Comment 6 Jeff Layton 2007-04-23 19:12:56 UTC
Actually, given my reproducer, only the first patch here is needed to fix this.
I'll go ahead and propose that and hold off on the other one since I don't seem
to have a situation that actually requires rdattr_error.


Comment 7 Jeff Layton 2007-04-23 19:34:14 UTC
Expected results (with an empty file 

# ls -al /mnt/referral
total 16
drwxr-xr-x   3 root root 4096 Apr 23 15:32 .
drwxr-xr-x  12 root root 4096 Apr 20 11:58 ..
?---------   ? ?    ?       ?            ? fsloc

...the directory entries are listable, but attempting to stat fsloc gives back a
-EIO. I think this is the best we can do for RHEL4. Backporting the
referral-chasing code is probably too much.
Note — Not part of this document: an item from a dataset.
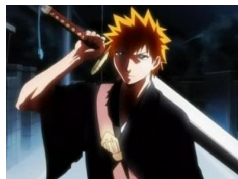
Обыкновенный японский школьник Ичиго Куросаки

Comment 9 RHEL Program Management 2007-04-23 19:45:46 UTC
This request was evaluated by Red Hat Product Management for inclusion in a Red
Hat Enterprise Linux maintenance release.  Product Management has requested
further review of this request by Red Hat Engineering, for potential
inclusion in a Red Hat Enterprise Linux Update release for currently deployed
products.  This request is not yet committed for inclusion in an Update
release.

Comment 10 RHEL Program Management 2007-04-23 20:02:07 UTC
This request was evaluated by Red Hat Kernel Team for inclusion in a Red
Hat Enterprise Linux maintenance release, and has moved to bugzilla 
status POST.

Comment 11 Jeff Layton 2007-09-05 21:41:26 UTC
Moving to 4.7. This patch was less critical, and we already had a lot of NFS
patches for 4.6.


Comment 12 RHEL Program Management 2007-09-05 21:43:42 UTC
This request was evaluated by Red Hat Product Management for inclusion in a Red
Hat Enterprise Linux maintenance release.  Product Management has requested
further review of this request by Red Hat Engineering, for potential
inclusion in a Red Hat Enterprise Linux Update release for currently deployed
products.  This request is not yet committed for inclusion in an Update
release.

Comment 14 Vivek Goyal 2008-03-27 23:21:36 UTC
Committed in 68.27.EL . RPMS are available at http://people.redhat.com/vgoyal/rhel4/

Comment 18 errata-xmlrpc 2008-07-24 19:12:45 UTC
An advisory has been issued which should help the problem
described in this bug report. This report is therefore being
closed with a resolution of ERRATA. For more information
on therefore solution and/or where to find the updated files,
please follow the link below. You may reopen this bug report
if the solution does not work for you.

http://rhn.redhat.com/errata/RHSA-2008-0665.html